Reputation: 578
I want to print the value of MSE at each epoch/batch combination. the code below reports the tensor object representing the mse instead of its value at each iteration:
print("Epoch", epoch, "Batch_Index", batch_index, "MSE:", mse)
Example line of output:
Epoch 0 Batch_Index 0 MSE: Tensor("mse_2:0", shape=(), dtype=float32)
I understand it is because MSE is referencing tf.placeholder nodes which by themselves do not have any data. But once I run the below code:
sess.run(training_op, feed_dict={X: X_batch, y: y_batch})
the data should be already available thus values for all nodes depending on that data should be accessible as well, I think requesting an evaluation of the MSE in the print statement results in error
print("Epoch", epoch, "Batch_Index", batch_index, "MSE:", mse.eval())
Output2:
InvalidArgumentError: You must feed a value for placeholder tensor 'X_2' with dtype float and shape [?,9] ...
This tells me that mse.eval()
does not see the data defined in sess.run()
Why do we experience such behavior? How should we change the code to make it report MSA at each specified iteration?
import numpy as np
from sklearn.datasets import fetch_california_housing
housing = fetch_california_housing()
m, n = housing.data.shape
housing_data_plus_bias = np.c_[np.ones((m, 1)), housing.data] # ADD COLUMN OF 1s for BIAS!
from sklearn.preprocessing import StandardScaler
scaler = StandardScaler()
scaled_housing_data = scaler.fit_transform(housing.data)
scaled_housing_data_plus_bias = np.c_[np.ones((m, 1)), scaled_housing_data]
X = tf.placeholder(tf.float32, shape=(None, n + 1), name="X")
y = tf.placeholder(tf.float32, shape=(None, 1), name="y")
theta = tf.Variable(tf.random_uniform([n + 1, 1], -1.0, 1.0, seed=42), name="theta")
y_pred = tf.matmul(X, theta, name="predictions")
error = y_pred - y
mse = tf.reduce_mean(tf.square(error), name="mse")
optimizer = tf.train.GradientDescentOptimizer(learning_rate=learning_rate)
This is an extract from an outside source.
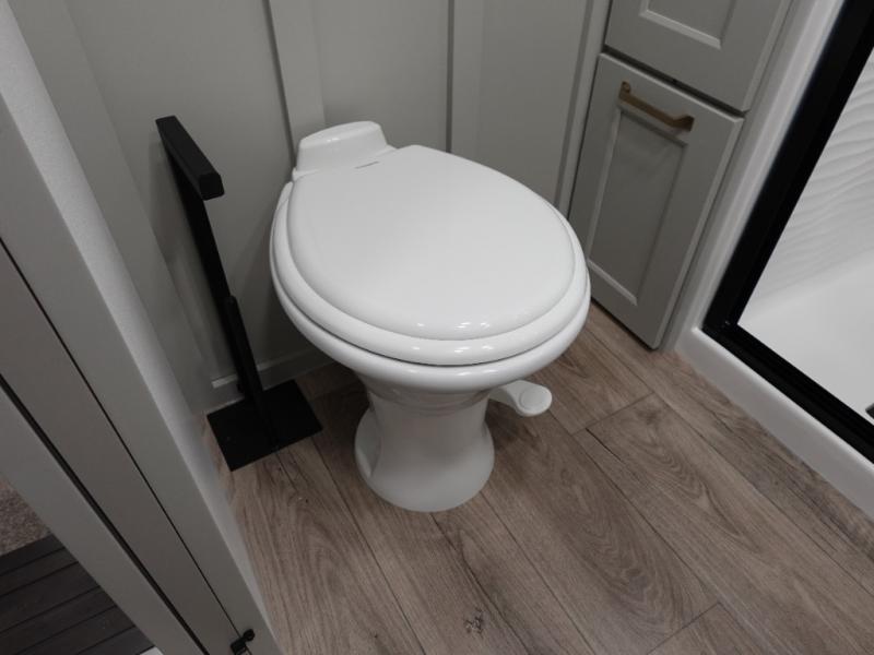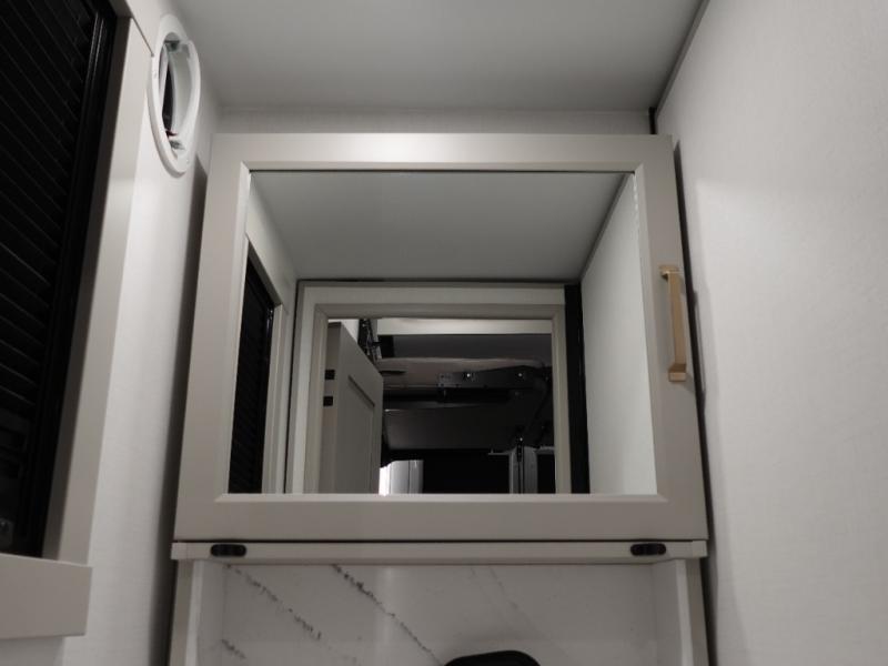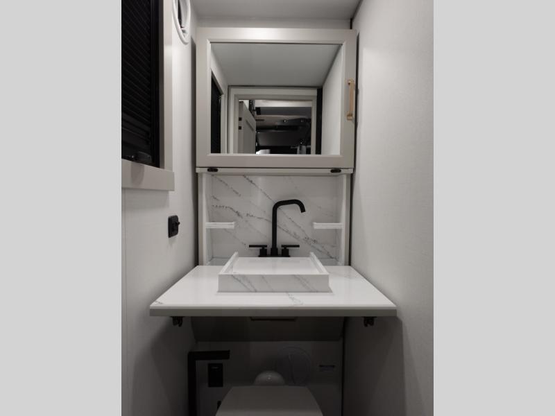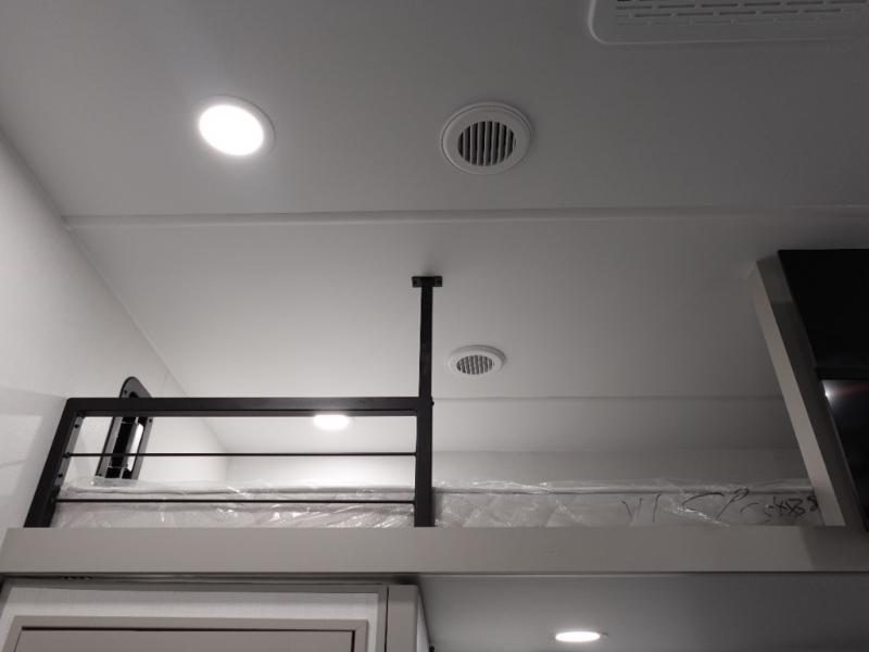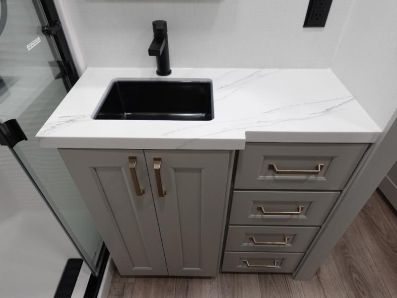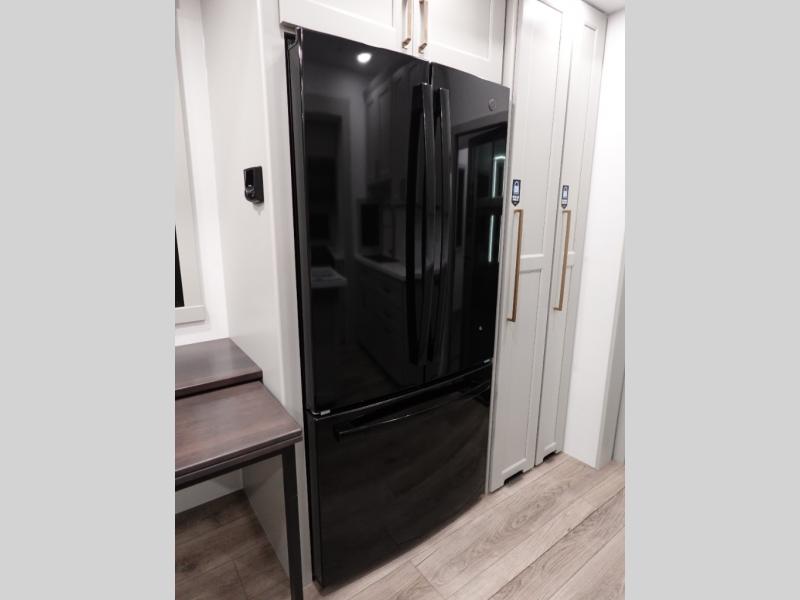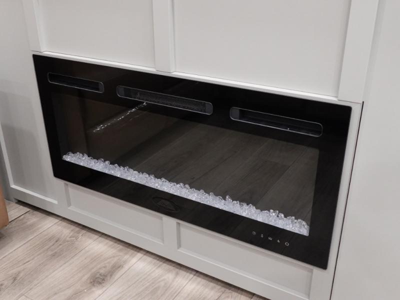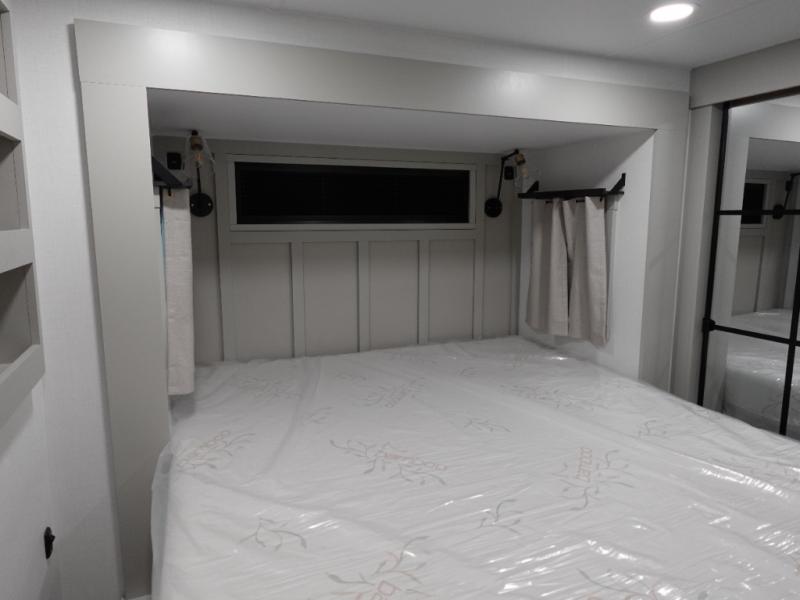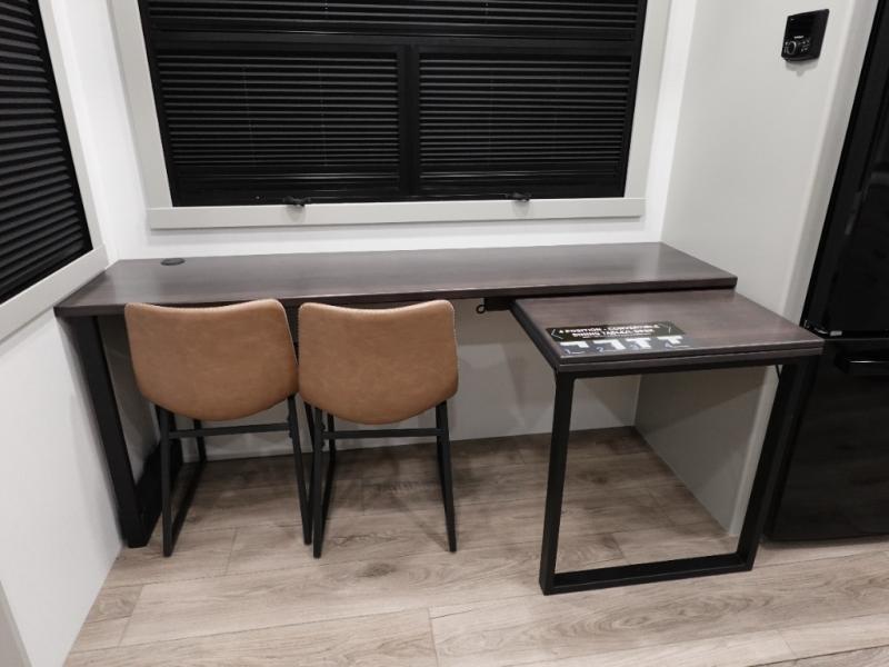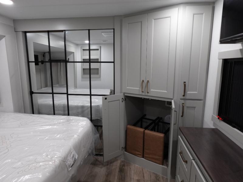 This toy hauler may just be the one you've been looking for! The garage/flex space with fold-away half bath walls will allow you to utilize the garage how you need it, plus there is an adjustable tie-down system, independent dual sofas, plus a loft for storage and a twin bed to sleep more campers! The garage patio with a 1,500 lb. capacity is another feature you are sure to love, especially with its own awning to keep you protected from the elements. Head to the kitchen to prepare meals with a 24" GE oven with a four burner range, a GE microwave with an air fryer, plus a spacious GE Energy Star 19 cu. ft. refrigerator. The island with two stools will let others visit with you while you cook, and there are even hidden dog bowls. You'll find the convertible dining table/L-desk will be accommodating since it can be use to dine at, and to get some work done. You may just find yourselves spending most of your time on the L-sofa in front of the TV and fireplace. A full bath is up front by the bedroom, and here you'll find neon shower lighting, a residential shower system, and pull-out linen storage to keep towels ready to use. After a day outdoors you'll love nothing more than coming back to your own bedroom with a king bed slide out, TV, a walk-in closet, and many more storage spaces. And we haven't even touched on the exterior features, like the 3-way pass-through storage, three power awnings, an air compressor to fill up tires, and the list goes on and on!

training_op = optimizer.minimize(mse)
init = tf.global_variables_initializer()
n_epochs = 100
batch_size = 100
n_batches = int(np.ceil(m / batch_size))
learning_rate = 0.01
def fetch_batch(epoch, batch_index, batch_size):
np.random.seed(epoch * n_batches + batch_index) # not shown in the book
indices = np.random.randint(m, size=batch_size) # not shown
X_batch = scaled_housing_data_plus_bias[indices] # not shown
y_batch = housing.target.reshape(-1, 1)[indices] # not shown
return X_batch, y_batch
with tf.Session() as sess:
sess.run(init)
for epoch in range(n_epochs):
for batch_index in range(n_batches):
X_batch, y_batch = fetch_batch(epoch, batch_index, batch_size)
sess.run(training_op, feed_dict={X: X_batch, y: y_batch})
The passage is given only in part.